Listing by category:

  • Databases:
    • Switch LFC/FTS/3D to new Database Infrastructure.
  • Castor:
    • Castor 2.1.14 testing is ongoing. A date for deployments awaits successful completion of this testing.
  • Networking:
    • Implementation of new site firewall. (Date for Tier1 traffic to start using this is not yet agreed. Initial changes for links that do not affect the Tier1 commence on 20th January)
    • Update core Tier1 network and change connection to site and OPN including:
      • Install new Routing layer for Tier1
      • Change the way the Tier1 connects to the RAL network.
      • These changes will lead to the removal of the UKLight Router.
  • Fabric
    • Firmware updates on remaining EMC disk arrays (Castor, FTS/LFC)
    • There will be circuit testing of the remaining (i.e. non-UPS) circuits in the machine room during 2014.
Entries in GOC DB starting between the 8th and 15th January 2014.
Service Scheduled? Outage/At Risk Start End Duration Reason
lcglb03.gridpp.rl.ac.uk, lcglb04.gridpp.rl.ac.uk, SCHEDULED OUTAGE 18/12/2013 11:00 31/01/2014 00:00 43 days, 13 hours Old EMI-2 hosts to be retired
Open GGUS Tickets (Snapshot during morning of meeting)

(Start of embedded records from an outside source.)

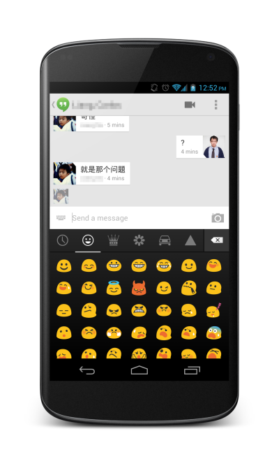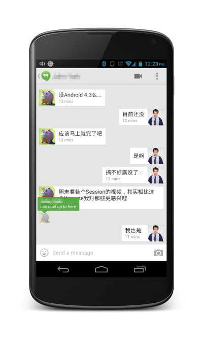 下图是 Hangouts 的聊天界面。如你所见,对话是以头像 + 对话框的形式出现的,感觉比 Talk 的对话列表要美观和直观。翻动对话列表的时候,新载入的对话会有飞入效果,非常漂亮。对话框下面显示的头像是那个人的阅读进度,可以很方便的确认朋友有没有看到你的消息。在多人环聊的模式下,这个阅读进度的头像经常会不断跳动非常漂亮。这个头像同时也会显示输入状态 (以三个跃动的小点标识)。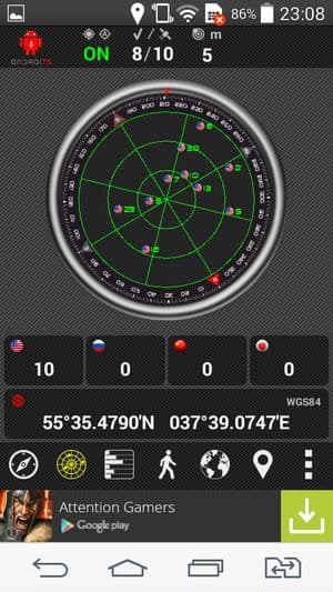 Остальные коммуникационные возможности аппарата тоже реализованы скромно: здесь не поддерживаются также ни диапазон Wi-Fi 5 ГГц, ни технология NFC, ни подключение внешних устройств к порту USB (USB Host, OTG). Можно стандартно организовать беспроводную точку доступа через каналы Wi-Fi или Bluetooth. Навигационный модуль, судя по официальным характеристикам, вроде бы должен уметь работать как с GPS, так и с отечественной системой Глонасс, однако на нашем обычном проверочном месте тестовый экземпляр не увидел никаких других спутников, кроме GPS.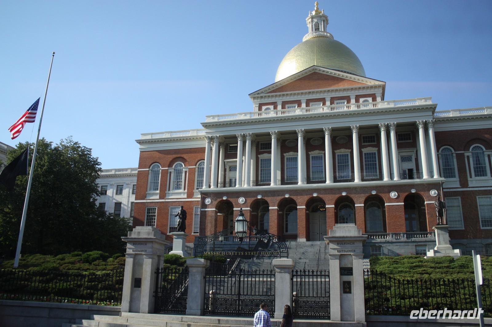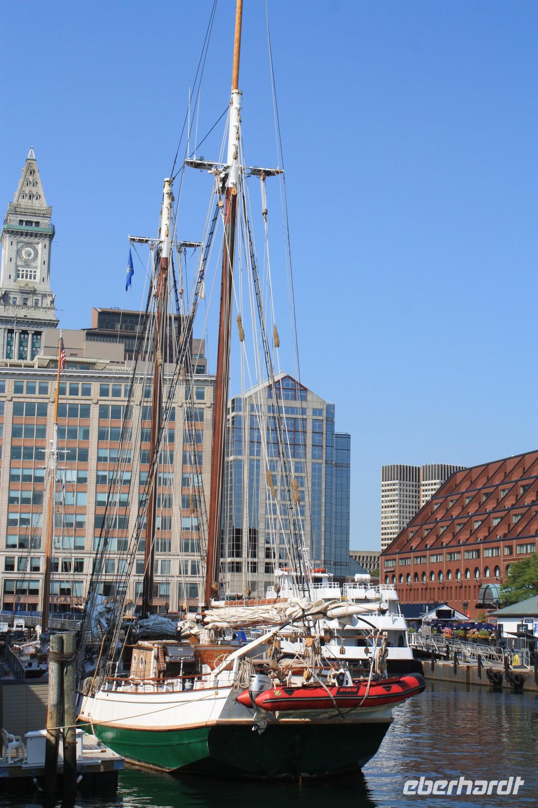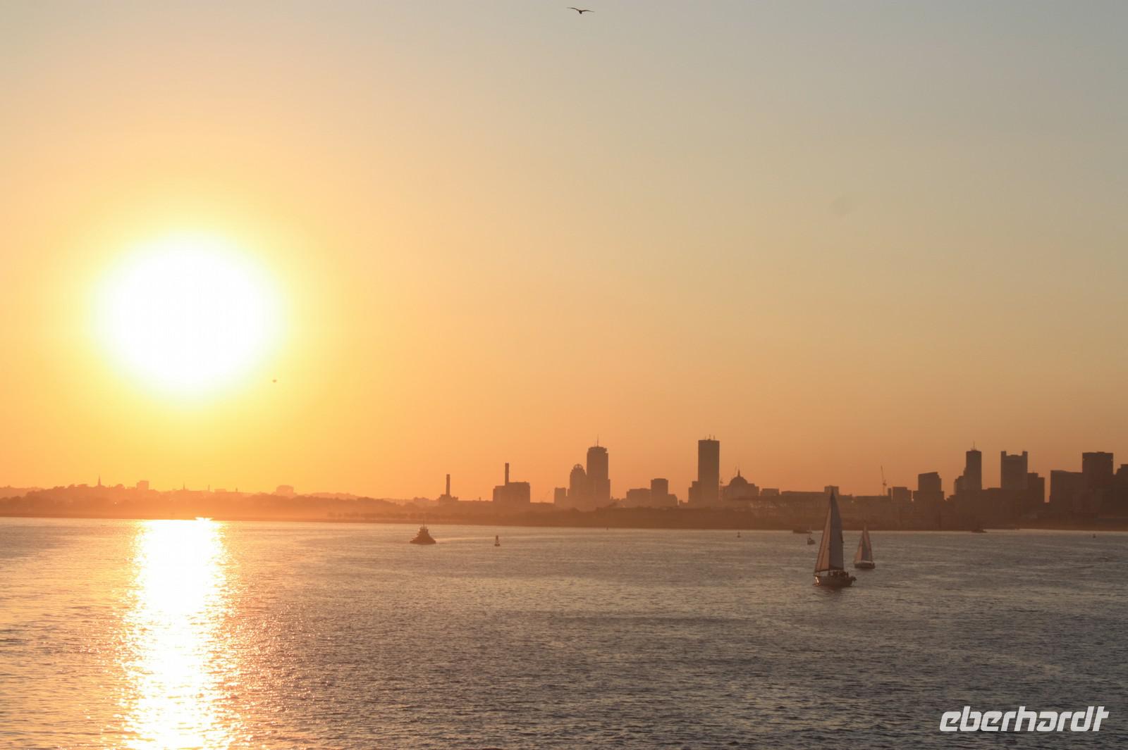 Es ist Mittwoch, der 12.09.2012. Wir haben bereits im Hafen von Boston angelegt. Wieder einmal scheint die Sonne. Unser heutiger AIDAAusflug beginnt erst zur Mittagszeit. So nutzen wir die Zeit für einen ersten Landgang bevor uns Margret ihre Wahlheimat Boston am Nachmittag näher bringt. Trotz anfänglicher Probleme mit dem Mikrofon nahm die Stadtrundfahrt vorbei am Parlament, Boston Common und Boston Public Garden ihren Lauf. Glücklicherweise sitzen wir, die Eberhardt Reisegruppe in den vorderen Reihen und haben somit keinerlei Probleme den Erzählungen der örtlichen Reiseleiterin zu folgen. Unser nächstes Ziel des Tages ist Camebridge mit seiner berühmten Eliteuniversität Harvard. All die Geschichten, Mythen und Legenden, die sich um diese Universität ranken, verspüren ihren Charme, als wir den Campus betreten. Es ist eine Welt für sich. Beeindruckend. Die Zeit drückt, sodass wir unsere Rundfahrt fortsetzen gen Beacon Hill, das Viertel der Reichen und Schönen Bostonier. Wir vertreten uns die Beine, werfen den ein oder anderen Blick durch die Fenster der schönen Wohnhäuser doch langsam wird es Zeit. Unsere halbtägige Stadtrundfahrt neigt sich dem Ende. Wir wollen schließlich nicht unser Schiff verpassen. Auf dem Weg zum Hafen sehen wir noch das Boston State House, die Charlestown Bridge und stoppen kurz an der USS Constitution, die das Herz eines jeden Segelschiffliebhabers schneller schlagen lässt. Den letzten Eindruck über Boston erhaschen wir noch, als wir am Boston Tea Party Museum vorbeifahren und 2 der 3 originalnachgebauten Schiffe vom Bus aus sehen. Pünktlich sind wir zurück an Bord und die AIDAaura nimmt Kurs auf Bar Harbor. Beim Auslaufen ziehen alle Passagiere an Deck nochmals den Bord den Kopf ein, als eine Lufthansamaschine gefühlt zu tief über uns hinweg fliegt. Ein Wahnsinns Spektakel zum Abschied von Boston.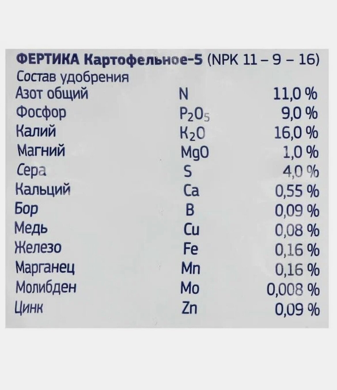 | Состав | азот (N) – 11%; оксид фосфора (P2O5) – 9%; оксид калия (K2O) – 16%; оксид магния (MgO) – 1%; сера (S) – 4%; кальций (Ca) – 0.55%; бор (B) – 0.09%; медь (Cu) – 0.08%; марганец (Mn) – 0.16% |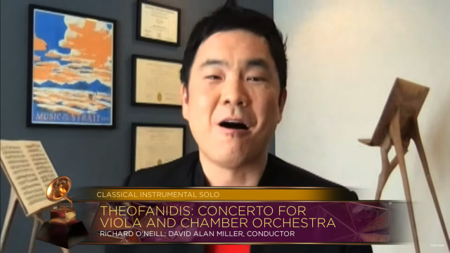오닐은 14일 유튜브를 통해 중계된 제63회 그래미어워즈의 프리미어 세리머니(사전 시상식)에서 이 부문 수상자로 호명됐다. 수상 작품은 오닐이 데이비드 앨런 밀러의 지휘로 알바니 심포니 오케스트라와 함께 연주한 테오파니디스의 ‘비올라와 체임버 오케스트라를 위한 협주곡’이다.

GGUS ID Level Urgency State Creation Last Update VO Subject
100180 Green Less Urgent Waiting Reply 2014-01-10 2014-01-10 Hone hone jobs submitted through lcgwms05.gridpp.rl.ac.uk & lcgwms06.gridpp.rl.ac.uk into all Lyon's, all Imperial College's, 3 from 5 DESY-HH's, EFDA's and ITEP's cream queues are aborted immediately
100114 Amber Less Urgent Waiting Reply 2014-01-08 2014-01-10 Jobs failing to get from RAL WMS to Imperial
100086 Red Less Urgent In Progress 2014-01-07 2014-01-13 T2K WMS jobs cleared too rapidly
99768 Red Less Urgent Waiting Reply 2013-12-13 2014-01-07 Atlas RAL-LCG2_DATADISK: transfer failures with "source file doesn't exist"
99647 Red Less Urgent In Progress 2013-12-12 2013-12-17 SNO+ lcg-cp connection timeouts
99556 Red Very Urgent In Progress 2013-12-06 2014-01-07 NGI Argus requests for NGI_UK
98249 Red Urgent In Progress 2013-10-21 2014-01-14 SNO+ please configure cvmfs stratum-0 for SNO+ at RAL T1
98122 Red Less Urgent Waiting Reply 2013-10-17 2014-01-14 cernatschool CVMFS access for the cernatschool.org VO
97025 Red Less urgent On Hold 2013-09-03 2014-01-06 Myproxy server certificate does not contain hostname
86152 Red Less Urgent On Hold 2012-09-17 2013-10-18 correlated packet-loss on perfsonar host
Availability Report
Day OPS Alice Atlas CMS LHCb Comment
08/01/14 100 100 100 100 100
09/01/14 100 100 100 100 100
10/01/14 100 100 100 100 100
11/01/14 100 100 100 95.5 100 WMS at CERN found " no compatible resources"
12/01/14 100 100 100 100 100
13/01/14 100 100 99.2 100 100 Short outage of a Castor daemon.
14/01/14 100 100 100 95.9 100 SRM Put test faiure "Invalid argument".